The Criminal Assets Bureau of Ireland (CAB) has reportedly seized a huge amount of bitcoin worth €52 million (app $56 million) from a drug dealer after a ruling by the high court categorizing the funds as proceeds of crime.
According to a Wednesday report by Independent, the accused, Clifton Collins who is 49 and a resident of Crumlin, one of Dublin’s south inner cities, did not oppose the charges brought by the CAB.
Early investments in Bitcoin
He attracted the attention of the law enforcement agency when the local police department started investigating his case in 2017. The officers had found a large quantity of cannabis in a four-wheel vehicle driven by Collins. Thereafter, he appeared before the Bray District Court for various charges under the Misuse of Drugs Act.
Collins is alleged to have made various investments in the early stages of Bitcoin and these investments have yielded a great deal of money over time.
As per the report, the judge in charge of the case, Mr. Justice Alexander Owens, acknowledged that Collins was involved in the supply and sale of drugs and ruled that the assets in his Bitcoin wallet be forfeited under the Proceeds of Crime legislation.

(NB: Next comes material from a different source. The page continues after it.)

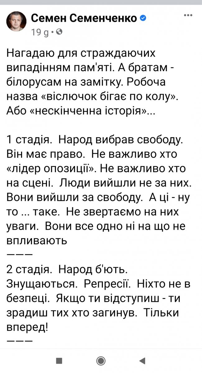 Нагадаю для страждаючих випадінням пам'яті. А братам - білорусам на замітку. Робоча назва «вiслючок бігає по колу». Або «нескінченна історія»... 1 стадія. Народ вибрав свободу. Він має право. Не важливо хто «лідер опозиції». Не важливо хто на сцені. Люди вийшли не за них. Вони вийшли за свободу. А ці - ну то ... таке. Не звертаємо на них уваги. Вони все одно ні на що не впливають ——— 2 стадія. Народ б'ють. Знущаються. Репресії. Ніхто не в безпеці. Якщо ти відступиш - ти зрадиш тих хто загинув. Тільки вперед! ——— 3 стадія. Ми перемогли!!! Тепер треба цивілізовано управляти країною. Хто зможе це робити? Так, ті хто на сцені вони... не ідеальні. До них ... маса питань. У них зв'язок з ворогами і злодіями з минулого. Але це нічого. Нехай поки вони. До них ми впровадимо «нових_молодих_лідерів_які_показали_себе_на_протестах. Вони не дадуть їм зрадити. А якщо що - ми завжди їх «винесемо» як і тих хто був до них!!! ———- 4 стадія. Влада ділить портфелі? Краде? Не виконує обіцянки? Труднощі перехідного періоду. Зараз не до цього. Нам всім загрожує небезпека. Підступний ворог хоче підпорядкувати нас своїй волі!!! Ваше місце не в столиці і не в теплих ліжках. Все на фронт боротьби з ворогом!!! Потім повернемося - розберемося!!! ———— 5 стадія. Нові_молоді_лідери_які_показали_себе_на_протестах» скурвились? Вони стали збагачуватися і брехати? Це не правда!!! Влада обманює і зраджує? Це не правда!!! Всі хто так стверджує - агенти ворога. Зрадофіли. І моральні виродки - ось по телевізору це зараз підтвердять свідки їх злочинів. У в'язницю їх! «Борець»- не індульгенція від злочинів! У нас просто так не садять! Не_все_так_однозначно! Добре, ось вам ще більш нові_моральні_лідери. Їх проявила нова боротьба! Вони зараз як скажуть! Хоча ні. Справжні герої - вони мовчазні. Вони скромні. Тихо роблять свою справу. І не заважають жити іншим. ———— 6 стадія. Народ втомився? Готовий знову піднятися? Ок. Не треба. Ось новий, не системний дилер. Навесні - будуть просадки. Взимку - пробіжки. Кінець епохи бідності. Ні- стражданням, так - голосуванням! ————- 7 стадія. Не треба говорити про злочини минулої влади! Тому що є вже нова. А стара - вона ... та не про неї тепер мова! Подивіться що зараз твориться! Перестаньте ворушити минуле! Не до цього! ———— 8 стадія. Нова влада-злочинна влада! Вона намагається посадити тих хто був до неї! Хто вів країну в золоте Століття. Якщо ви цього не пам'ятаєте то ви - бобики, лохи і агенти ворога. Якщо пам'ятаєте - патріоти. Хто ворушить минуле - агент. Хто не ворушить - дай руку камрад. Всі на боротьбу з капітулянтами перед ворогом! Криголам! Криголам! ————- Стадія остання вона ж знов перша. Народ вибрав свободу. Він має право. Не важливо хто «лідер опозиції». Не важливо хто на сцені. Люди вийшли не за них. Вони вийшли за свободу. А ці - та то таке.... Не звертаємо на них уваги. Вони все одно ні на що не впливають... —————- P.S. Множити пізнання - множити скорботу. . Самому неприємно це писати. Але це .... правда. Нажаль.

The CAB had already gotten a freezing order to prevent Collins from moving the Bitcoin in his wallet without the court’s approval.
Fiat also used for crime
Collins’ case was not the only one brought before Judge Owens yesterday. There were about five other applications brought to the court by the CAB.
The CAB had seized about €62,136 ($67,119 in a Ladbrokes betting account owned by Stephen McAuley, a resident of Hollystown in west Dublin, for his involvement in drug deals. A Tag Heuer watch valued at €2,900 ($3,132), and another €21,940 ($23,699) were also obtained from him.
Another CAB application was for James O’Neill, a resident of Dublin’s south inner city, who was allegedly involved with a drug gang associated with the Kinahan crime cartel. A mobile home worth €20,000 ($21,603), an Audemars Piguet watch also worth €20,000 and €21,000 ($22,683) held in a credit union account were seized by the agency.